I pivoted. Got him in my sights. Pulled the trigger at the same time he pulled his.

We both…trickled.

Someone had forgotten to give our pistols their Viagra.

“ARRRRRRR!” Thibaud yelled, storming toward me.

“Ahhhhhhh!” I yelled, running away.

I pushed past Wheelchair Guy, into the hallway.

Smirking Sadie was out a-strolling, and she let out a yelp when she saw me plunging pistol-forward. I wanted Thibaud to shoot while we were on the run, to vac8 all his V8. But he was saving it for closer range.

I was not going to be his quarry.

“In the name of all that’s good and Lily!” I proclaimed, copping my best Young Han Solo pose and blasting away.

This time the trigger cocked, and the TJ flew forth.

Unfortunately, by proclaiming my attack, I’d given Thibaud time to dodge.

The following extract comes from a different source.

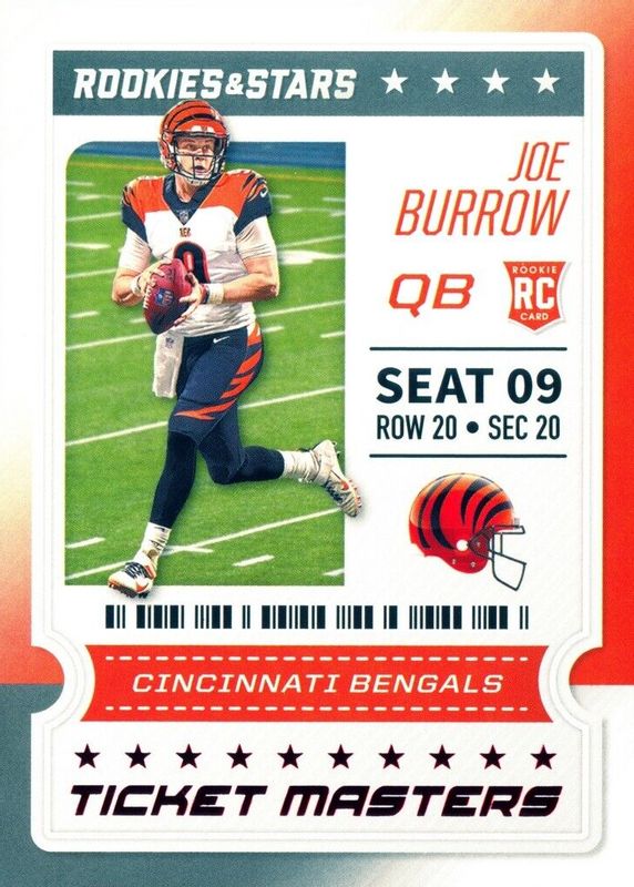 The Joe Burrow 2020 Rookies & Stars #11 Ticket Masters card in Raw condition has moved up $3.01 (+151%) in the last 30 days and was last sold for $5.00 .

“Not so fast, milquetoast!” he growled. I feinted left, rocked right. He missed.

At this point, an orderly named Caleb saw the Bloody Mary flying through the air and screamed bloody murder at us. Thibaud went for another shot. I blocked it with an errant cafeteria tray. But this blocked my own shot, so I had to drop it.

Thibaud raised his pistol again. Ran forward. And slipped on the puddles we’d made.

From somewhere in the darkest depths of my soul, I unearthed the phrase, “Sugar, you’re going down!”

Thibaud screamed. Caleb the orderly screamed. Smirking Sadie called out, “Vera, you really gotta see this!”

I aimed. He writhed. I fired.

Eye of the bull.

As he was drenched, I slipped and I slid. He grabbed at my legs. I wobbled and fell.

I made sure to land on him.

“Seriously, though,” I said once our breath returned from being knocked out, “I’ve vanquished you.”

“Okay, you got me,” Thibaud conceded. “What do I have to do?”

“You,” I grunted, “have to throw us a party.”



Thursday, December 18th

“You’re not seeing what’s in front of you,” I told her. “First of all, this is a Christmas sweater. Just because it’s not showy—just because it doesn’t have tinsel or lights or a big bad reindeer on it—that doesn’t mean it’s not a Christmas sweater. The truth doesn’t have to advertise itself. All the truth needs to be is true.”

Lily looked so lost. “What are you doing? Why are you doing this?”

Finally I was able to tell her what I’d been going to tell her all along.

“Lily,” I said, “this is an intervention.”

“An intervention?” Lily asked, thoroughly confused.